SUPPLIED ENTRIES -
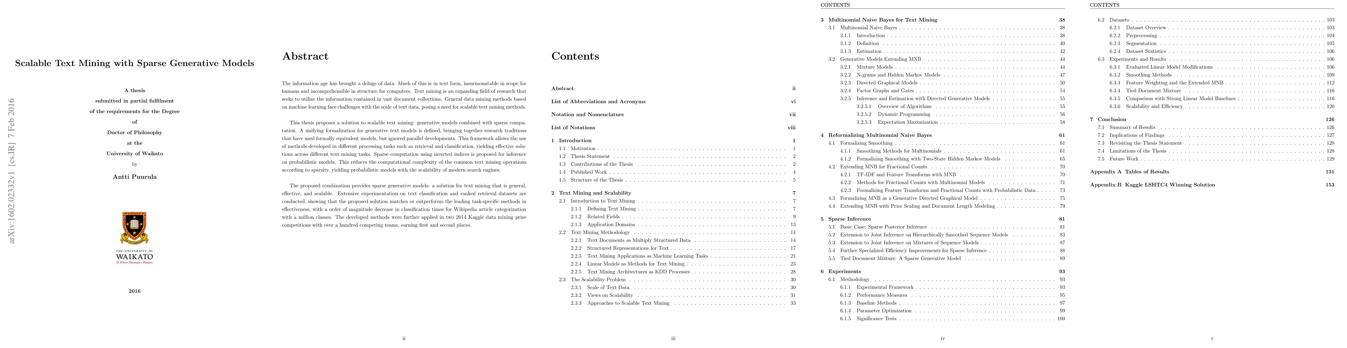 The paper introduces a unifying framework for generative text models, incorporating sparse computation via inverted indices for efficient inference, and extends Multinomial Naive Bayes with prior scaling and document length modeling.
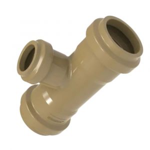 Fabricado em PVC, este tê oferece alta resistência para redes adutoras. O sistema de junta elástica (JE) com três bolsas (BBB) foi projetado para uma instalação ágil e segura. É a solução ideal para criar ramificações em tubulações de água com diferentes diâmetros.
==
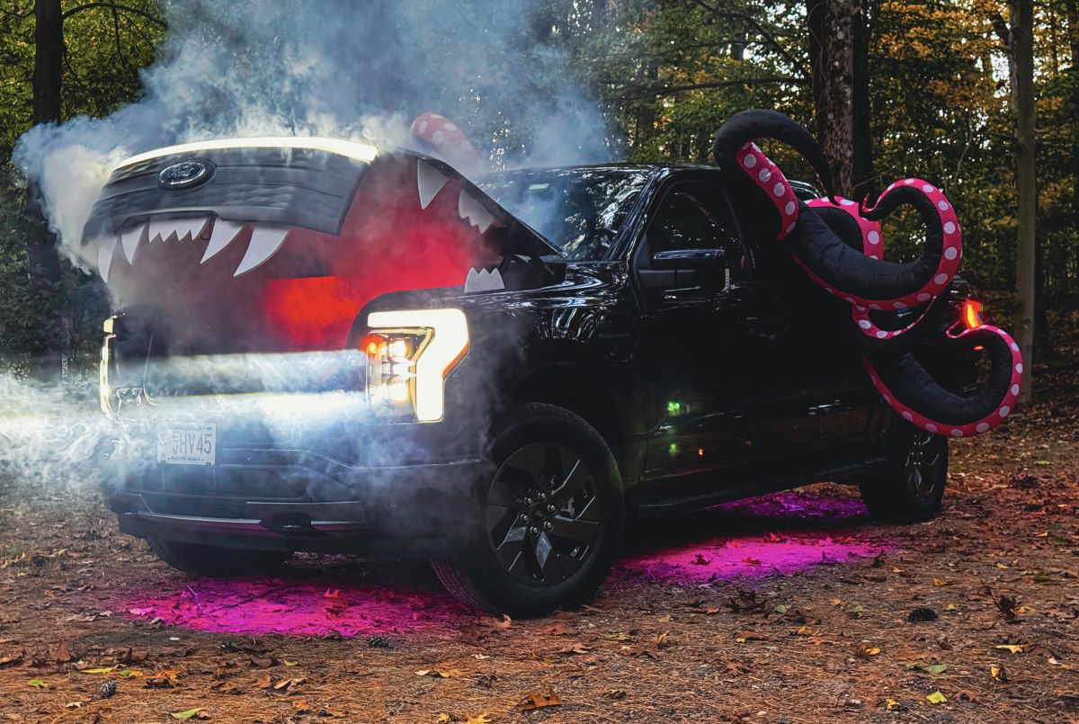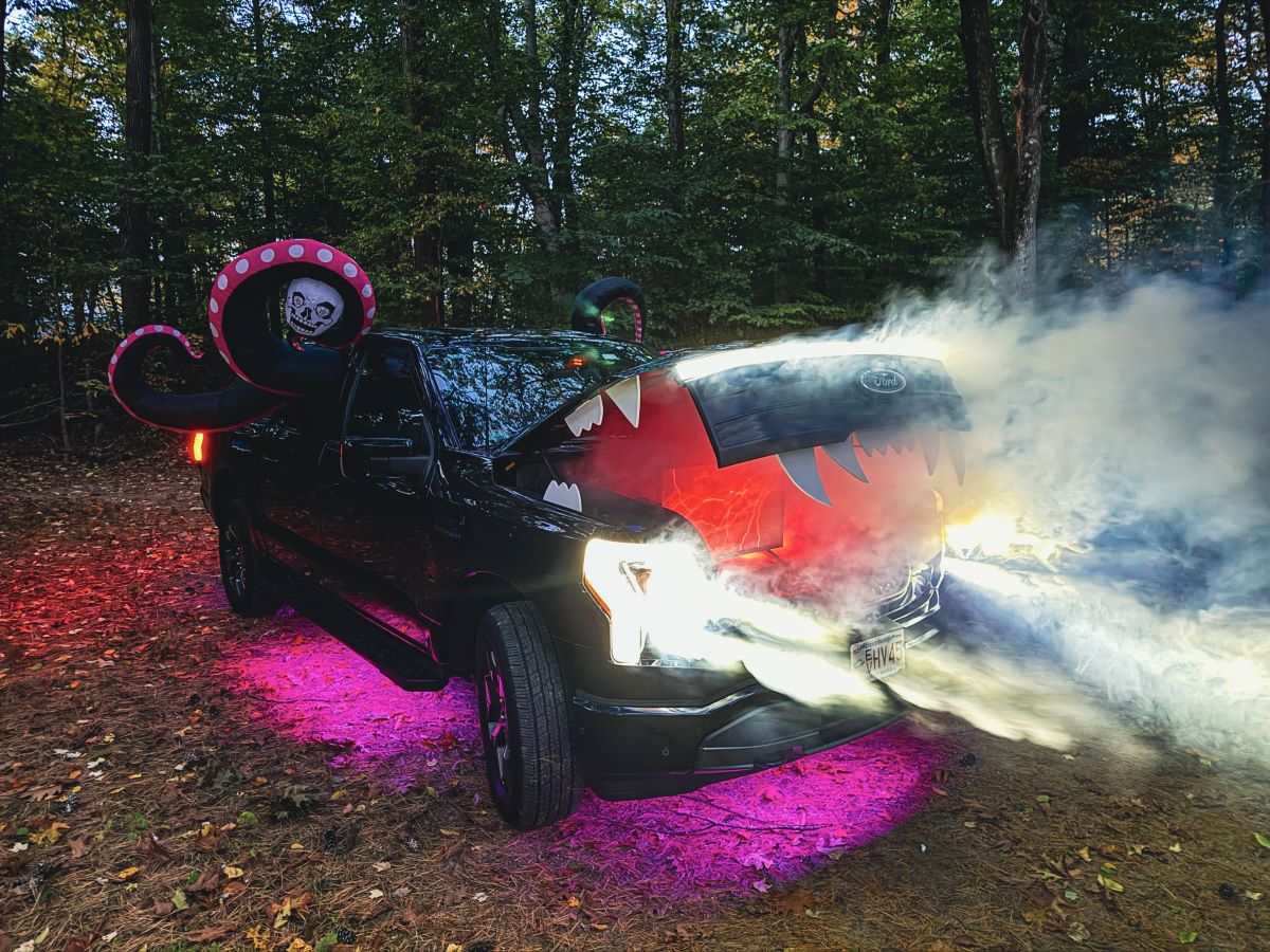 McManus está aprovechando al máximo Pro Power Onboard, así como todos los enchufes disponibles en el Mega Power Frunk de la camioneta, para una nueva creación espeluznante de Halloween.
--
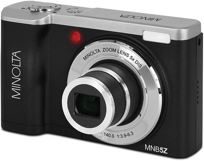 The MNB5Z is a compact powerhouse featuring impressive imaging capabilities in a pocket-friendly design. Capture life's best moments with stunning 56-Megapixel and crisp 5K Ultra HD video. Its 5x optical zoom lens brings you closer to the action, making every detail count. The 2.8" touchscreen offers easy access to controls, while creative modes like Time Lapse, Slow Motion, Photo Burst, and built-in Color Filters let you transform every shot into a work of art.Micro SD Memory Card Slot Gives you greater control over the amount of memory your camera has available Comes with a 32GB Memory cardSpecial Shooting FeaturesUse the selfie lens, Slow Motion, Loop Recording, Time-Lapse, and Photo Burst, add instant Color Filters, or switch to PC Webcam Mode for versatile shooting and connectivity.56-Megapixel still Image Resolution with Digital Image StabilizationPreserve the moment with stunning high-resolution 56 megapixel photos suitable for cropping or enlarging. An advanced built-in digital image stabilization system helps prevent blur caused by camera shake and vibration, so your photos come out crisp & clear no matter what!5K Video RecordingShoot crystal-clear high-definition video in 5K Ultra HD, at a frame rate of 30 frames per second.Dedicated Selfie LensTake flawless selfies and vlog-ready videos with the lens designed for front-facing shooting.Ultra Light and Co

BRIEF - What's needed is an exact copy of the records above from the line containing "The paper introduces" down to the line containing "Fabricado em PVC, este", both included, without any pictures.

EXERCISE RESPONSE -
 The paper introduces a unifying framework for generative text models, incorporating sparse computation via inverted indices for efficient inference, and extends Multinomial Naive Bayes with prior scaling and document length modeling.
 Fabricado em PVC, este tê oferece alta resistência para redes adutoras. O sistema de junta elástica (JE) com três bolsas (BBB) foi projetado para uma instalação ágil e segura. É a solução ideal para criar ramificações em tubulações de água com diferentes diâmetros.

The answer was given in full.